Task to complete:
The entries below must be reproduced exactly; their pictures are not part of the copy.

[Extracted data entries]
------------------------------------------------

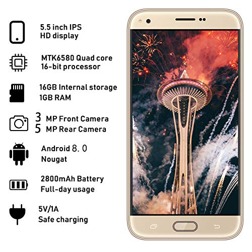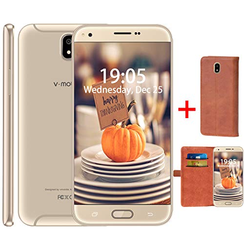 V Mobile J5 Dual SIM Unlocked Cell Phones, 5.5 inch HD, Quad Core 16GB ROM, Android 8.0, 8MP Face ID Unlocked Smartphone, Compatible with ATT, T-Mobile, Cricket, Metro PCS Other GSM Carriers
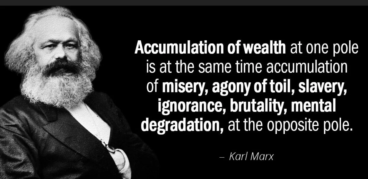 Accumulation of wealth at one pole is at the same time accumulation of misery, agony of toil, slavery, ignorance, brutality, mental degradation, at the opposite pole. Karl Marx
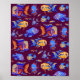 Fun tropical fishes on dark purple poster
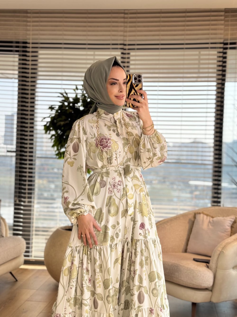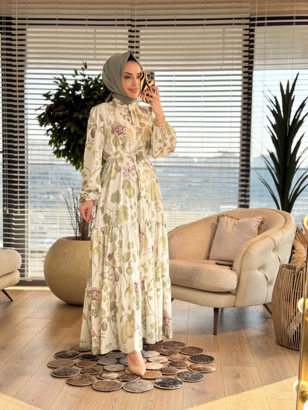MRW1695 Desenli Elbise Yeşil
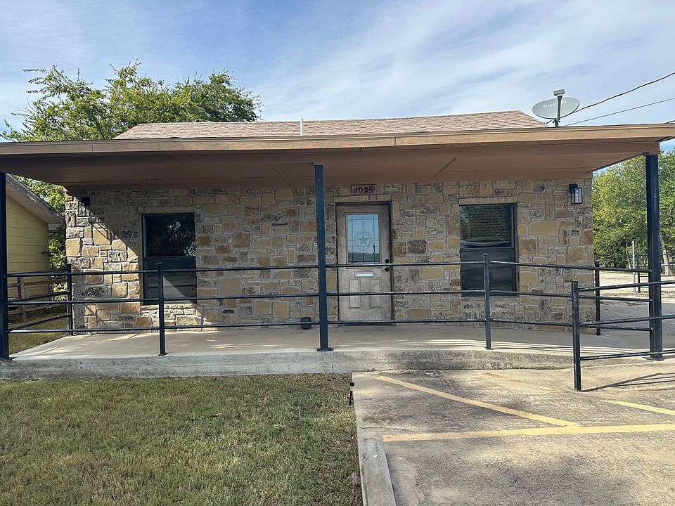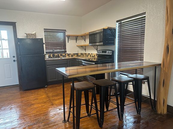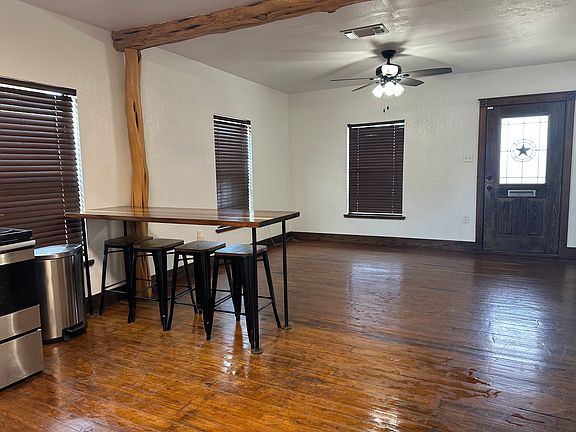 Beautifully redone 2 bedroom 1 bath home with a space for an office. Covered front and back porches. New privacy fence being installed now. Includes a washer/dryer, fridge, microwave and oven. One covered parking space available with home the other spaces will be rented out to other patrons. Water/Sanitation, Pest Control, Lawn Maintenance all are included in the rent. There is one available storage unit available for an additional fee. One small (less than 40 lbs) dog is allowed with a non refundable pet deposit.
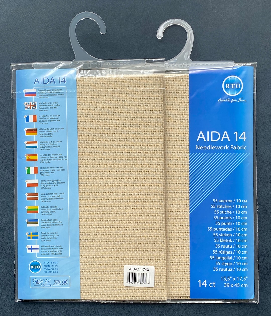 RTO Aida Stickstoff Zuschnitt 14ct - 39x45cm Beiger Handarbeitsstoff Aus Baumwolle
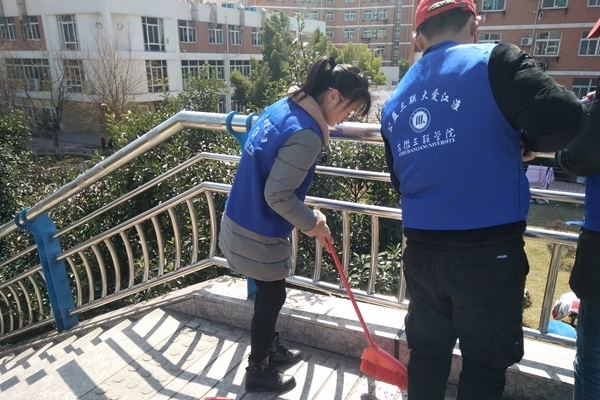 3月5日中午,青年志愿者们在学校生活区,开展了打扫卫生死角、擦洗宣传栏等“清洁校园”志愿服务活动。他们带着毛巾、扫帚、拖把等清洁用具,重点清扫生活区公共区域的卫生死角,将宣传栏上的广告一一撕掉,细心擦洗上面的灰尘;将天桥上、草坪上的垃圾认真清扫,为同学们营造一个舒适的学习和生活环境,校园里随处可见志愿者忙碌的身影。
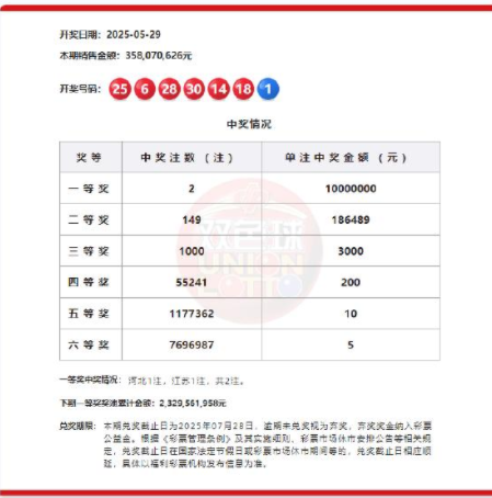 2025年5月29日北京时间,福彩双色球第25060期开奖结果如下:
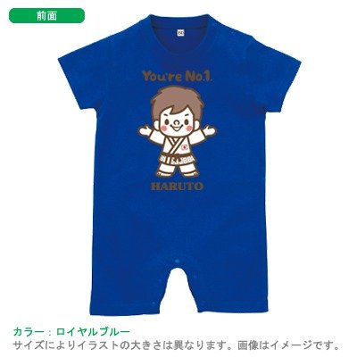 BabyChips ちいさな柔道選手(白:男の子)(名入れ半袖ベビーロンパース) 80 ロイヤルブルー
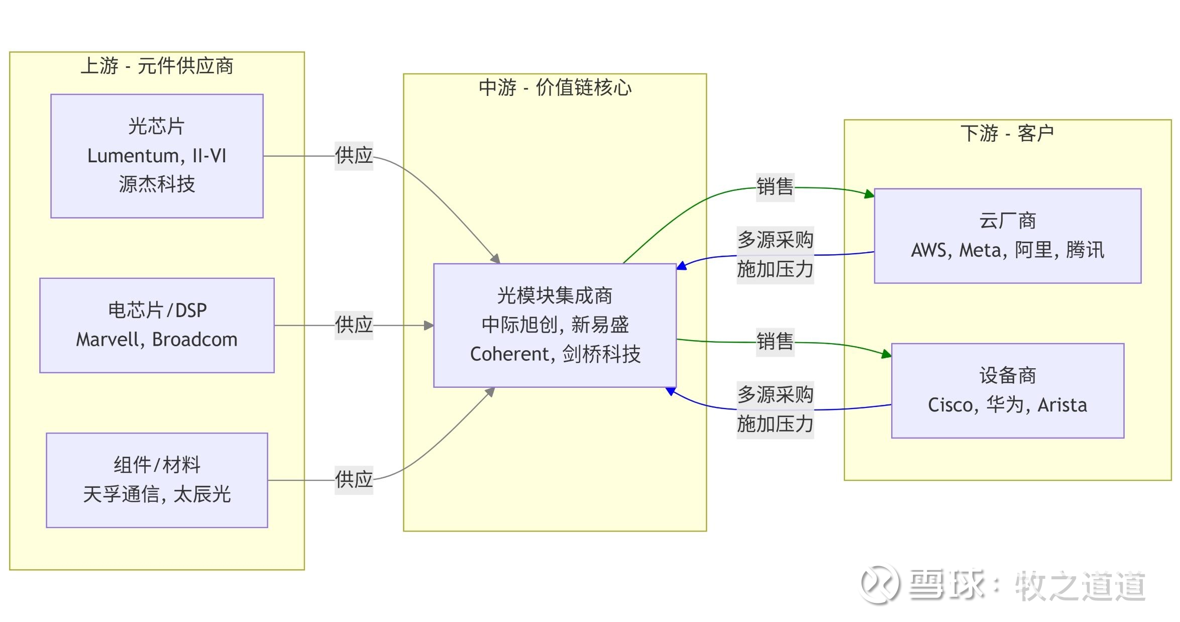 1.在目前的光模块时代:产业链是横向分工的,芯片、组件、模块、设备各个层级分工明确,通过标准接口(MSA)耦合。这使得中游的模块集成商(如中际旭创、新易盛)成为核心枢纽,它们整合上游资源,为下游多个客户服务,市场相对开放和竞争
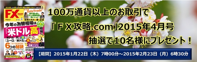 キャンペーン期間において新規で100万通貨以上お取引されたお客様で、申込みフォームよりお申込み頂いたお客様の中から抽選で10名様に月刊FX情報誌「FX攻略.com」(2015年2月21日発売)をプレゼント致します。
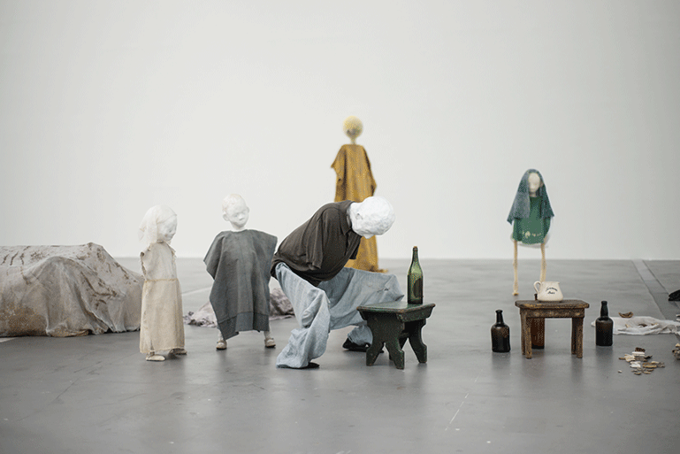 Auf der linken Seite der Ausstellungshalle stellt die Künstlerin aus dem täglichen Alltag ein Szenario mit Skulpturen/Figuren dar. Diese Figuren sind so installiert, dass man sich ein Bild aus dem Alltagsleben vorstellt. Rund um diese Figuren befinden sich Stoffe, Handtücher, Schalen, Teller, Tonscherben, Kekse und Flaschen ebenfalls aus dem alltäglichen Leben. Die Figuren (als Erwachsene und als Kinder dargestellt und inszeniert) sind in zerfetzten bedruckten Stoffen gekleidet, die Kopfform aus Filz und bemalt. Angeordnet in verschiedenen Posen: stehend, schlafend oder sitzend. Eine Figur sitzt vor leeren oder vollen Flaschen? Dahinter zwei Figuren als Kinder, die sich die Frage stellen; warum trinkt er schon wieder? Der Blick in die Figurengruppe wirkt nicht abschreckend, dafür sorgt auch der von Licht durchflutete Raum, aber man beginnt nachzudenken. Welche Geschichte will uns die Künstlerin erzählen? Alltagsgeschichten? Armut oder andere Dramen? Geht es hier um Gegenwart oder Vergangenheit?
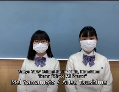 国内外の学生と英語で議論することにより、英語で発信する力を培うことができるのはもちろんのこと、SDGsへの理解をより深め、自分たちにできることを再考する機会となりました。對馬さんと山本さんのプレゼンテーションでは、平和教育の重要性と、平和教育推進のためのイベントについて英語で説明をしています。
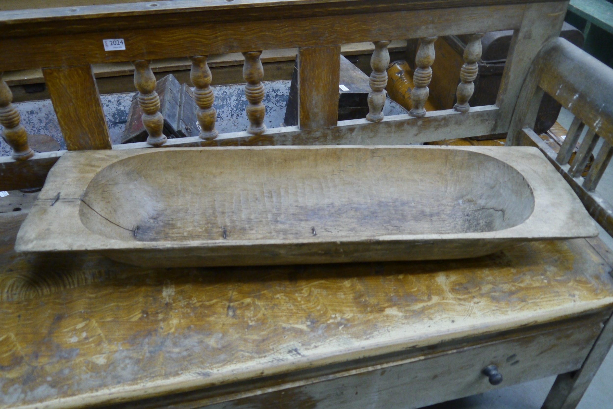 A Dough trough with staple repairs
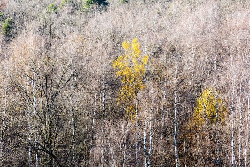 Желтое дерево в голом лесу городского парка осенью
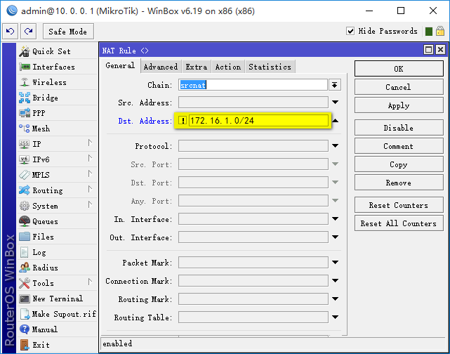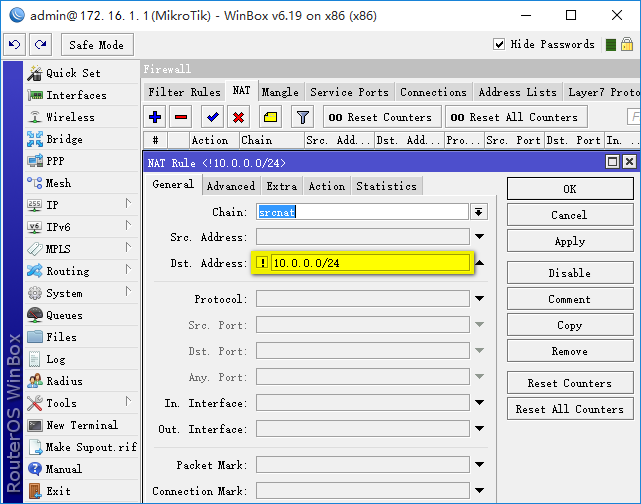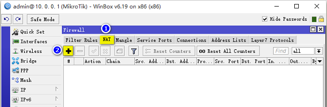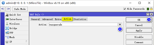 General->Chain设置为srcnat,Action设置为masquerade,这条NAT规则添加后,就能访问外网了。 二、 路由器B接入路由器A 1. 路由器A架设PPPoE服务器 1) 创建地址池
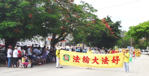 在“世界需要真善忍”的横幅后,精神抖擞并身着金黄色炼功服的腰鼓队,伴随着“法轮大法好”的乐曲,排着整齐的队伍一路击鼓前行,赢得观众的喝彩。最后由两辆鲜花、彩带、气球及“法轮大法好”横幅装饰的花车压轴。观众群中不时传来“法轮大法好”的声音,并有民众在仙女队中拍照留念。
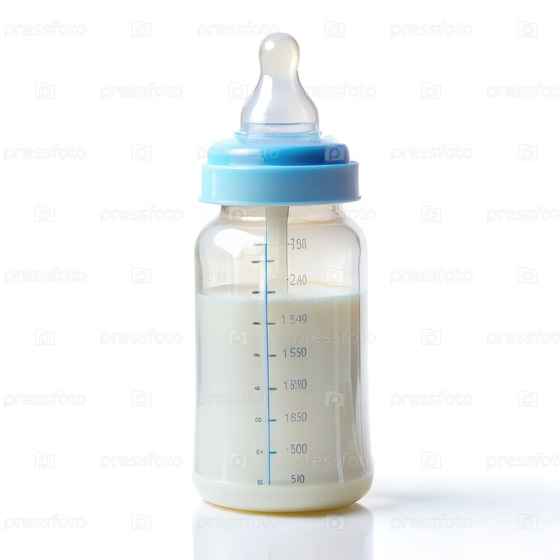 Чистая детская бутылка, заполненная молоком на белом фоне
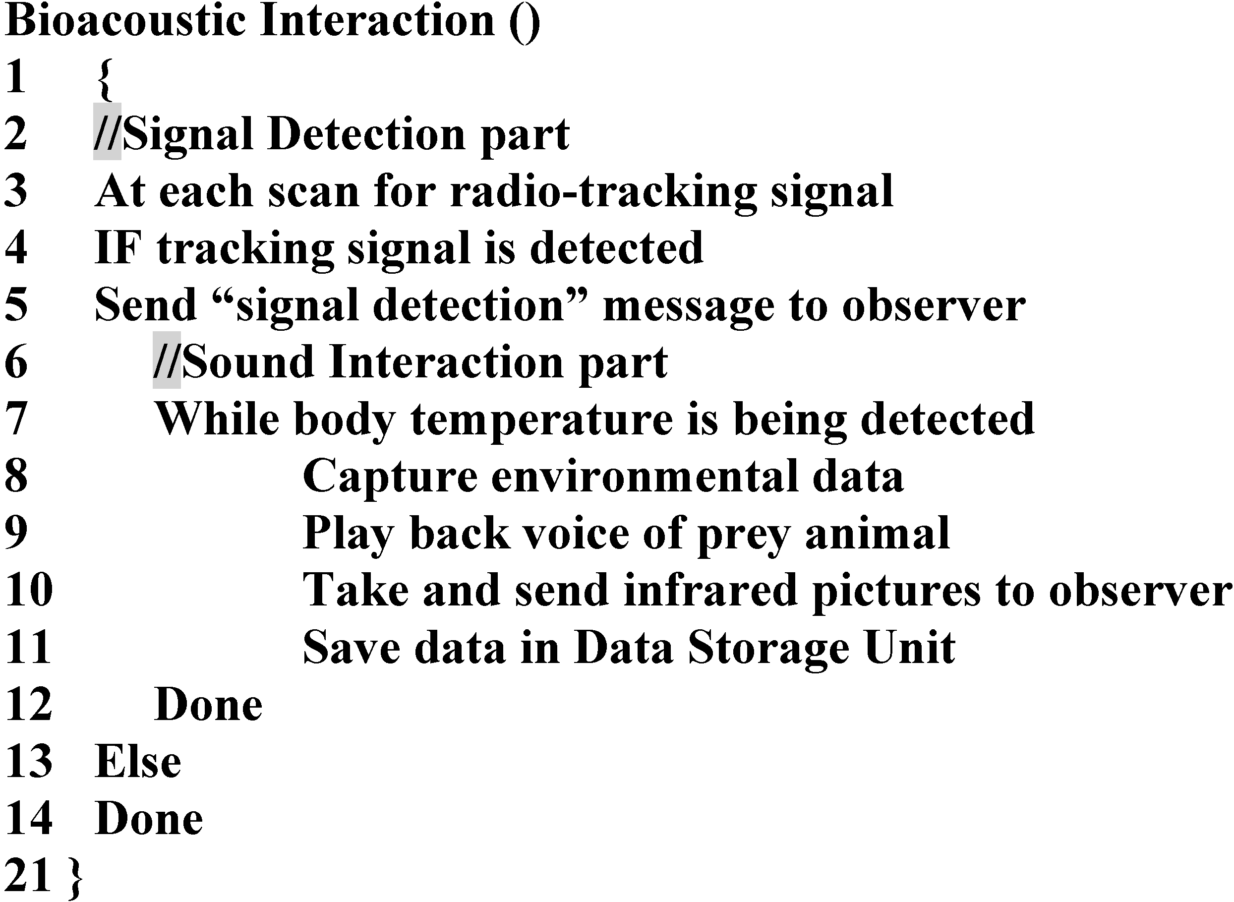 In this study, we present a vision of how a human–computer–biosphere interaction (HCBI) can facilitate a sustainable society. HCBI extends and transforms the subject of human–computer interaction from countable people, objects, pets, and plants into an auditory biosphere that is an uncountable, a complex, and a non-linguistic soundscape. As an example, utilizing HCBI to experience forest soundscapes can help us feel one with nature, without physically being present in nature. The goal of HCBI is to achieve ecological interactions between humans and nature through computer systems without causing environmental destruction. To accomplish this, information connectivity must be created despite the physical separation between humans and the environment. This combination should also ensure ecological neutrality. In this paper, we present an overview of an HCBI concept, related work, methodologies, and developed interfaces. We used pre-recorded animal calls to enable a bio-acoustical feedback from the target wildlife. In this study, we primarily focus on the design and evaluation of a bio-acoustic interaction system utilizing tracking collars, microphones, speakers, infrared cameras, infrared heat sensors, micro-climate sensors, radio-tracking devices, GPS devices, radio clocks, embedded Linux boards, high-capacity batteries, and high-speed wireless communication devices. Our experiments successfully demonstrated bio-acoustic interactions between wildlife—more specifically, an endangered species of a wild cat—and human beings via a computer system, thus validating the HCBI concept.View Full-Text
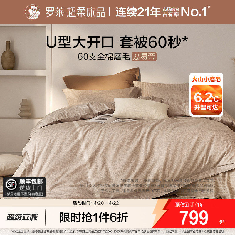 罗莱家纺U易套全棉磨毛加厚四件套纯棉60支超柔懒人易套被套件
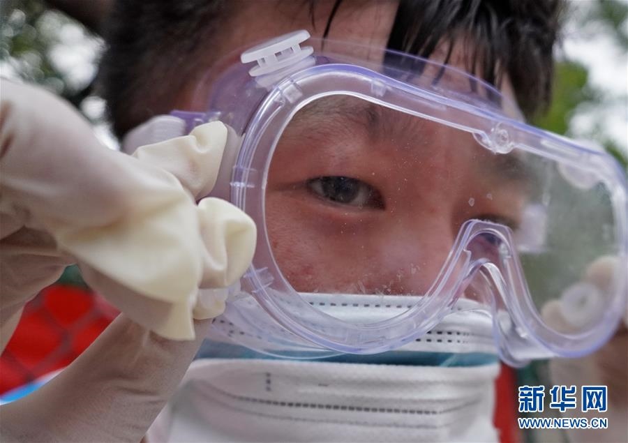 豐臺(tái)區(qū)東高地街道社區(qū)衛(wèi)生服務(wù)中心一位醫(yī)護(hù)人員的護(hù)目鏡內(nèi)流進(jìn)了汗水(6月15日攝)。連日來(lái),北京出現(xiàn)高溫天氣??崾钪校ぷ魅藛T堅(jiān)守抗擊疫情一線,成為烈日下的“逆行者”。新華社記者李欣攝
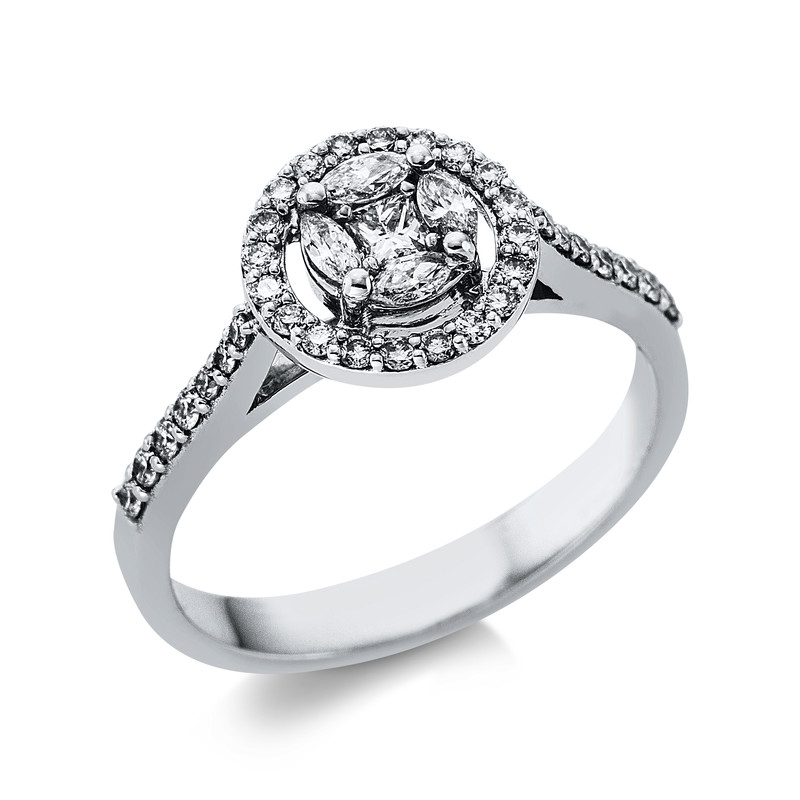 ring 18 kt WG, 1 princess 0,08 ct, G-vsi/si, 4 marquise 0,15 ct, G-vsi/si, 34 diamonds 0,27 ct, G-vsi/si, width:53

------------------------------------------------

Reply to the task:
 V Mobile J5 Dual SIM Unlocked Cell Phones, 5.5 inch HD, Quad Core 16GB ROM, Android 8.0, 8MP Face ID Unlocked Smartphone, Compatible with ATT, T-Mobile, Cricket, Metro PCS Other GSM Carriers
 Accumulation of wealth at one pole is at the same time accumulation of misery, agony of toil, slavery, ignorance, brutality, mental degradation, at the opposite pole. Karl Marx
 Fun tropical fishes on dark purple poster
MRW1695 Desenli Elbise Yeşil
 Beautifully redone 2 bedroom 1 bath home with a space for an office. Covered front and back porches. New privacy fence being installed now. Includes a washer/dryer, fridge, microwave and oven. One covered parking space available with home the other spaces will be rented out to other patrons. Water/Sanitation, Pest Control, Lawn Maintenance all are included in the rent. There is one available storage unit available for an additional fee. One small (less than 40 lbs) dog is allowed with a non refundable pet deposit.
 RTO Aida Stickstoff Zuschnitt 14ct - 39x45cm Beiger Handarbeitsstoff Aus Baumwolle
 3月5日中午,青年志愿者们在学校生活区,开展了打扫卫生死角、擦洗宣传栏等“清洁校园”志愿服务活动。他们带着毛巾、扫帚、拖把等清洁用具,重点清扫生活区公共区域的卫生死角,将宣传栏上的广告一一撕掉,细心擦洗上面的灰尘;将天桥上、草坪上的垃圾认真清扫,为同学们营造一个舒适的学习和生活环境,校园里随处可见志愿者忙碌的身影。
 2025年5月29日北京时间,福彩双色球第25060期开奖结果如下:
 BabyChips ちいさな柔道選手(白:男の子)(名入れ半袖ベビーロンパース) 80 ロイヤルブルー
 1.在目前的光模块时代:产业链是横向分工的,芯片、组件、模块、设备各个层级分工明确,通过标准接口(MSA)耦合。这使得中游的模块集成商(如中际旭创、新易盛)成为核心枢纽,它们整合上游资源,为下游多个客户服务,市场相对开放和竞争
 キャンペーン期間において新規で100万通貨以上お取引されたお客様で、申込みフォームよりお申込み頂いたお客様の中から抽選で10名様に月刊FX情報誌「FX攻略.com」(2015年2月21日発売)をプレゼント致します。
 Auf der linken Seite der Ausstellungshalle stellt die Künstlerin aus dem täglichen Alltag ein Szenario mit Skulpturen/Figuren dar. Diese Figuren sind so installiert, dass man sich ein Bild aus dem Alltagsleben vorstellt. Rund um diese Figuren befinden sich Stoffe, Handtücher, Schalen, Teller, Tonscherben, Kekse und Flaschen ebenfalls aus dem alltäglichen Leben. Die Figuren (als Erwachsene und als Kinder dargestellt und inszeniert) sind in zerfetzten bedruckten Stoffen gekleidet, die Kopfform aus Filz und bemalt. Angeordnet in verschiedenen Posen: stehend, schlafend oder sitzend. Eine Figur sitzt vor leeren oder vollen Flaschen? Dahinter zwei Figuren als Kinder, die sich die Frage stellen; warum trinkt er schon wieder? Der Blick in die Figurengruppe wirkt nicht abschreckend, dafür sorgt auch der von Licht durchflutete Raum, aber man beginnt nachzudenken. Welche Geschichte will uns die Künstlerin erzählen? Alltagsgeschichten? Armut oder andere Dramen? Geht es hier um Gegenwart oder Vergangenheit?
 国内外の学生と英語で議論することにより、英語で発信する力を培うことができるのはもちろんのこと、SDGsへの理解をより深め、自分たちにできることを再考する機会となりました。對馬さんと山本さんのプレゼンテーションでは、平和教育の重要性と、平和教育推進のためのイベントについて英語で説明をしています。
 A Dough trough with staple repairs
 Желтое дерево в голом лесу городского парка осенью
 General->Chain设置为srcnat,Action设置为masquerade,这条NAT规则添加后,就能访问外网了。 二、 路由器B接入路由器A 1. 路由器A架设PPPoE服务器 1) 创建地址池
 在“世界需要真善忍”的横幅后,精神抖擞并身着金黄色炼功服的腰鼓队,伴随着“法轮大法好”的乐曲,排着整齐的队伍一路击鼓前行,赢得观众的喝彩。最后由两辆鲜花、彩带、气球及“法轮大法好”横幅装饰的花车压轴。观众群中不时传来“法轮大法好”的声音,并有民众在仙女队中拍照留念。
 Чистая детская бутылка, заполненная молоком на белом фоне
 In this study, we present a vision of how a human–computer–biosphere interaction (HCBI) can facilitate a sustainable society. HCBI extends and transforms the subject of human–computer interaction from countable people, objects, pets, and plants into an auditory biosphere that is an uncountable, a complex, and a non-linguistic soundscape. As an example, utilizing HCBI to experience forest soundscapes can help us feel one with nature, without physically being present in nature. The goal of HCBI is to achieve ecological interactions between humans and nature through computer systems without causing environmental destruction. To accomplish this, information connectivity must be created despite the physical separation between humans and the environment. This combination should also ensure ecological neutrality. In this paper, we present an overview of an HCBI concept, related work, methodologies, and developed interfaces. We used pre-recorded animal calls to enable a bio-acoustical feedback from the target wildlife. In this study, we primarily focus on the design and evaluation of a bio-acoustic interaction system utilizing tracking collars, microphones, speakers, infrared cameras, infrared heat sensors, micro-climate sensors, radio-tracking devices, GPS devices, radio clocks, embedded Linux boards, high-capacity batteries, and high-speed wireless communication devices. Our experiments successfully demonstrated bio-acoustic interactions between wildlife—more specifically, an endangered species of a wild cat—and human beings via a computer system, thus validating the HCBI concept.View Full-Text
 罗莱家纺U易套全棉磨毛加厚四件套纯棉60支超柔懒人易套被套件
 豐臺(tái)區(qū)東高地街道社區(qū)衛(wèi)生服務(wù)中心一位醫(yī)護(hù)人員的護(hù)目鏡內(nèi)流進(jìn)了汗水(6月15日攝)。連日來(lái),北京出現(xiàn)高溫天氣??崾钪校ぷ魅藛T堅(jiān)守抗擊疫情一線,成為烈日下的“逆行者”。新華社記者李欣攝
 ring 18 kt WG, 1 princess 0,08 ct, G-vsi/si, 4 marquise 0,15 ct, G-vsi/si, 34 diamonds 0,27 ct, G-vsi/si, width:53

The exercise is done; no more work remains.